Выбрать главу

Эйзенхауэр был не одинок в своих призывах к строгости выполнения бюджета конгрессом. Оба его секретаря Казначейства, сперва Джордж Хэмфри, который работал в его первый президентский срок, а затем Роберт Андерсон — во время второго срока, все время настаивали на соблюдении финансовой и фискальной дисциплины правительством. Оба они, будучи ревностными приверженцами частного предпринимательства, также оба не желали или не способны были понять смысл финансовой поддержки, которую оказывали базовым отраслям американской индустрии государственные расходы. Военные контракты впоследствии расширялись до производства самолетов гражданской авиации, которые можно было использовать в коммерческих целях. «Большая тройка» автомобилестроителей в Детройте также пользовалась выгодами оборонных заказов, так же как сталелитейная и алюминиевая промышленность. Сельскохозяйственный сектор вообще зависел весь с потрохами от государственных субсидий. Все эти государственные программы, частью перенесенные из времен Нового Курса, частью вызванные «холодной войной», обеспечивали такой дополнительный прирост экономики, который частный сектор просто не мог бы осилить. Однако Эйзенхауэр и оба его казначея надеялись на возвращение к капитализму образца «до депрессии», а ведь именно он-то и привел к Великой депрессии! Поскольку доллар возмещался золотом, они решили, что золотой стандарт времен «до Первой мировой» был восстановлен. Все эти трое жили словно во временной капсуле, которая не соответствовала реалиям «холодной войны». Точно так же не могли они понять и предвидеть те многочисленные приложения военных технологий и исследований в сфере гражданского производства. «Холодная война» все еще находилась в периоде своего младенчества. А в следующие два десятка лет в военных технологиях произошел такой взрыв идей и технологий, который революционизировал и гражданский сектор.

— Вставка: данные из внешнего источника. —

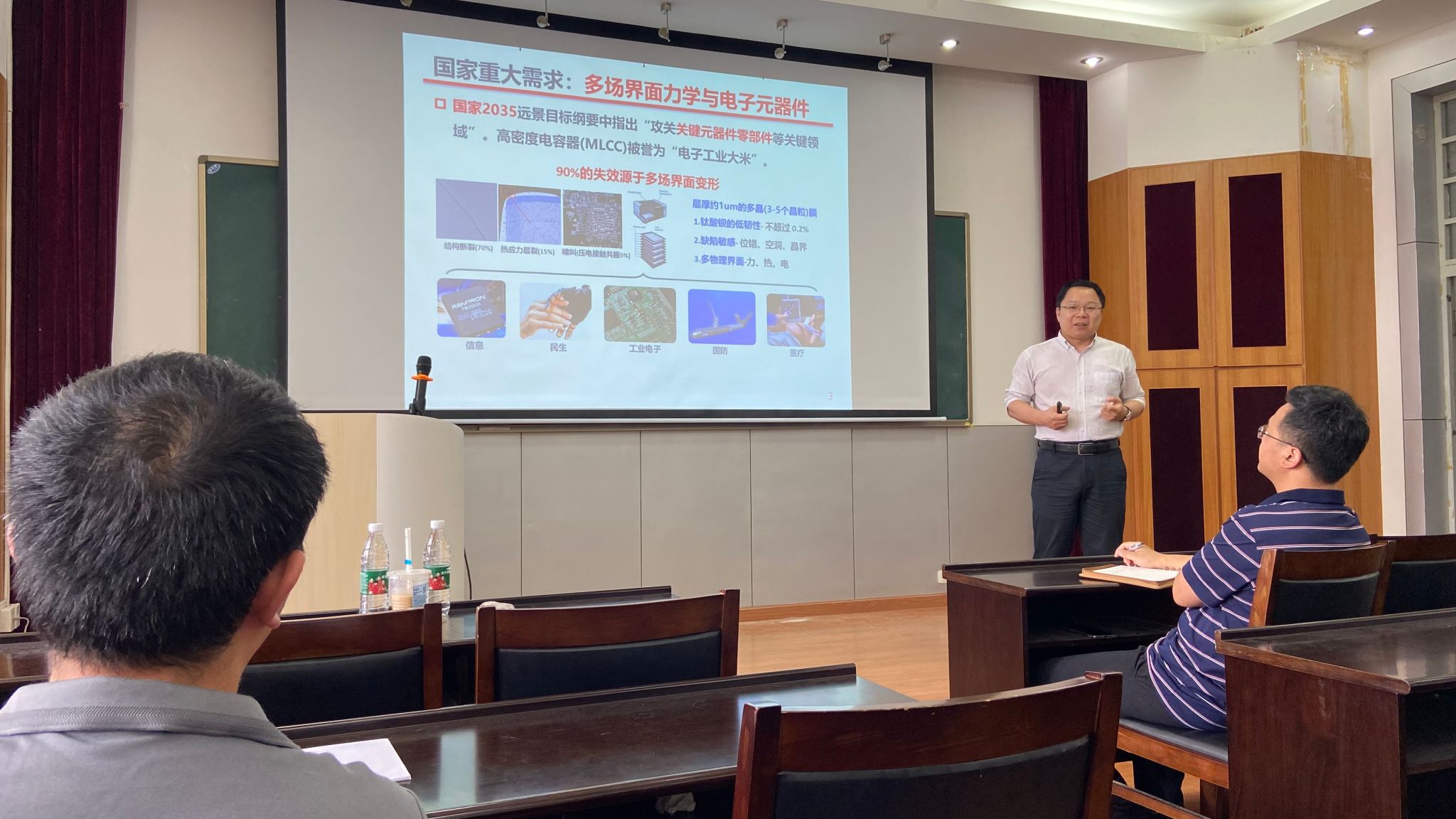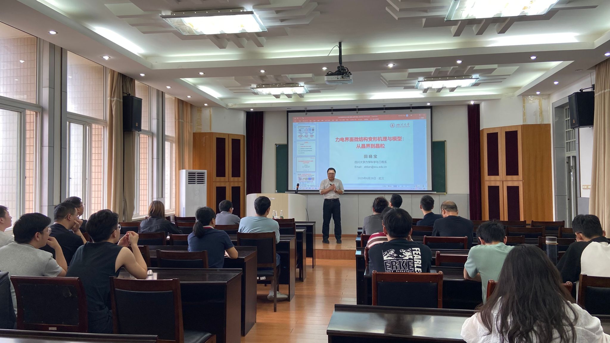 报告会在理学院五楼学术报告厅举行,田晓宝教授的报告题目为“力电界面微结构变形机理与模型:从晶界到晶粒”。主要介绍了多场界面微结构变形与演化行为的研究工作。
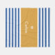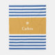 A modern wide horizontal stripes pattern fleece blanket in blue and gold. Personalise by adding your name beneath the chic retro daisy logo.
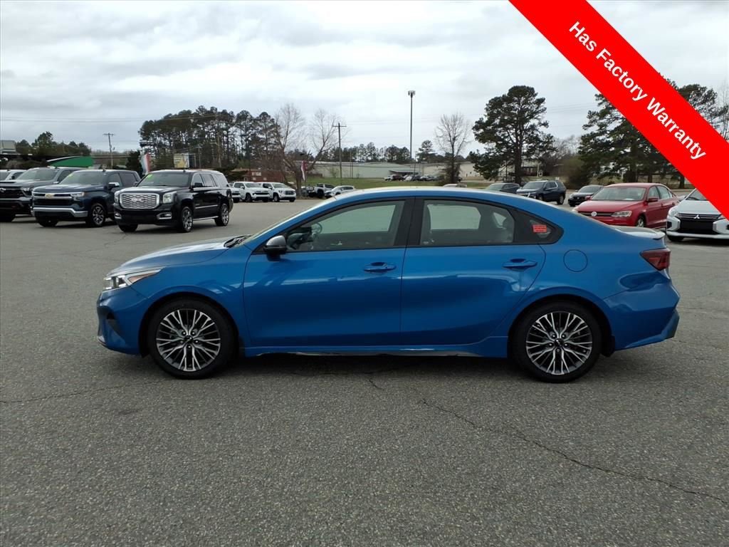 Turn heads and drive with confidence in this one-owner Sporty Blue 2022 Kia Forte GT-Line, a sedan that perfectly blends athletic styling, advanced safety, and everyday efficiency. With its bold design, rear spoiler, 17 graphite-finish alloy wheels, and sleek body-color accents, this GT-Line stands out from ordinary compact sedans while still delivering the practical ownership experience drivers love from Kia. Under the hood, the 2.0L 4-Cylinder MPI engine offers an excellent balance of performance and fuel efficiency, making this Forte an outstanding choice for commuters and road-trip travelers alike. Smooth handling is supported by 4-wheel disc brakes, electronic stability control, traction control, and a front independent suspension, giving you confident performance in a wide variety of driving conditions while keeping ownership economical. Safety and driver-assistance technology are major highlights of this Forte thanks to the GT-Line Premium Package. This package adds intelligent features like Forward Collision-Avoidance Assist with Cyclist Detection, Smart Cruise Control with Stop & Go, and Navigation-Based Smart Cruise Control, helping maintain safe distances and respond to changing traffic conditions. Highway Driving Assist (HDA) further enhances highway travel, while the Electronic Parking Brake with Auto Hold, rear exterior parking camera, auto high-beam headlights, multiple airbags, and advanced braking systems provide additional peace of mind for you and your passengers. Inside the cabin, the GT-Line Sport Premium Package transforms the driving experience with premium comfort and convenience. The multi-adjustable 10-way power drivers seat ensures the perfect driving position, while heated and ventilated front seats keep you comfortable in any season. Stylish and durable SynTex seating material, rear air vents, and a rear USB charge port keep everyone comfortable and connected, making this Forte ideal for both daily drives and longer journeys. Technology is front and center with an impressive infotainment setup that includes Apple CarPlay and Android Auto, built-in navigation, SiriusXM capability, and the incredible harman/kardon premium audio system that fills the cabin with crisp, immersive sound. You'll also enjoy thoughtful conveniences like wireless phone charging, remote keyless entry, dual-zone automatic climate control, steering-wheel mounted controls, and UVO eServices connectivity. Adding even more enjoyment to your drive is the power sunroof with sunshade, letting in natural light and fresh air at the touch of a button. Details like LED overhead lighting, a leather-wrapped steering wheel and shift knob, sport seats, and illuminated entry complete the refined yet sporty interior atmosphere. This Forte also comes with remaining factory warranty coverage up to 60,000 miles, giving you extra confidence in your purchase. When you combine its strong safety technology, premium GT-Line packages, standout styling, modern tech features, and impressive fuel efficiency, this 2022 Kia Forte GT-Line represents a smart and stylish choice for drivers looking for value without sacrificing comfort or performance.
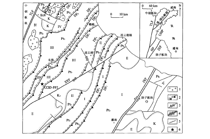1.中生代花岗岩; 2.逆冲型韧性剪切带; 3.走滑断层; 4.大型走滑断层; 5.不整合; 6.CCSD-PP2位置; E.古近系; K.白垩系; O.奥陶系; ⋲.寒武系; Pt3.晚元古代; Ⅰ.南苏鲁高压-低温变质岩剪切构造叠覆岩片; Ⅱ.南苏鲁高压-中温变质剪切叠覆构造岩片; Ⅲ.北苏鲁超高压变质表壳岩构造叠覆岩片; Ⅳ.北苏鲁超高压花岗质变质岩剪切叠覆岩片; DF1-DF10.韧性剪切带编号
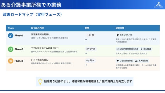 ある事業所では「非コア業務(清掃・送迎・記録等)」を棚卸・外注化・システム化することで、月間139.5時間のケア時間を創出。この時間を「利用者と向き合う時間」に再配分したことで、職員満足・サービス品質・定着率の向上につながっています。

С самого начала своего президентства Эйзенхауэр считал, что лучший способ сократить расходы государства на оборону и привести бюджет к балансу — это покончить с гонкой вооружений против Советского Союза. Теперь, когда Сталина уже не было на свете и новые лидеры встали у штурвала власти, президент решил предпринять шаги в этом направлении. Используя заседание Генеральной Ассамблеи ООН как повод для своего обращения, Эйзенхауэр воззвал к Советскому Союзу с целью заключить с ним некое соглашение. Он осознавал, что новое советское руководство находится у власти чуть больше года и потому не следует ожидать драматических изменений в отношениях между двумя странами. Предложенная им программа мирного атома была столь невинна и неагрессивна, что он рассчитывал на благосклонное к ней отношение. Он предложил, чтобы три страны, владеющие ядерным оружием — поскольку Великобритания также вошла в этот эксклюзивный клуб, — выделили бы долю своих радиоактивных изотопов новой организации в рамках ООН, для использования исключительно в мирных целях. Эта организация, составленная из ученых и инженеров любых стран мира, действовала бы независимо от трех ядерных держав. Для подтверждения своих добрых намерений и поскольку Соединенные Штаты первые создали бомбу, они готовы были выделить свои изотопы из своего запаса в соотношении 5 к 1. Когда Эйзенхауэр закончил свою речь, все члены Генеральной Ассамблеи, включая делегата от Советского Союза, встали и приветствовали это предложение оглушительными аплодисментами. Если бы его речь была посвящена только Программе мирного атома, и все, то Кремль мог бы принять подобное предложение. Однако президент настаивал на наращивании потенциальной угрозы атомной войны, несколько раз подчеркнув, что Америка обладает самым мощным разрушительным потенциалом, имеющимся у нее в арсенале. С учетом сравнения с двумя бомбами, сброшенными Америкой на Хиросиму и Нагасаки, он пугал советских лидеров. Естественно, они решили, что Программа мирного атома — не что иное, как некая ловушка с подвохом для русских. И не только предложение было отвергнуто, но Советский Союз стал наращивать свои усилия в стремлении догнать Соединенные Штаты. В своем стремлении положить конец гонке вооружений Эйзенхауэр, так сказать, слишком сильно нажал на акселератор.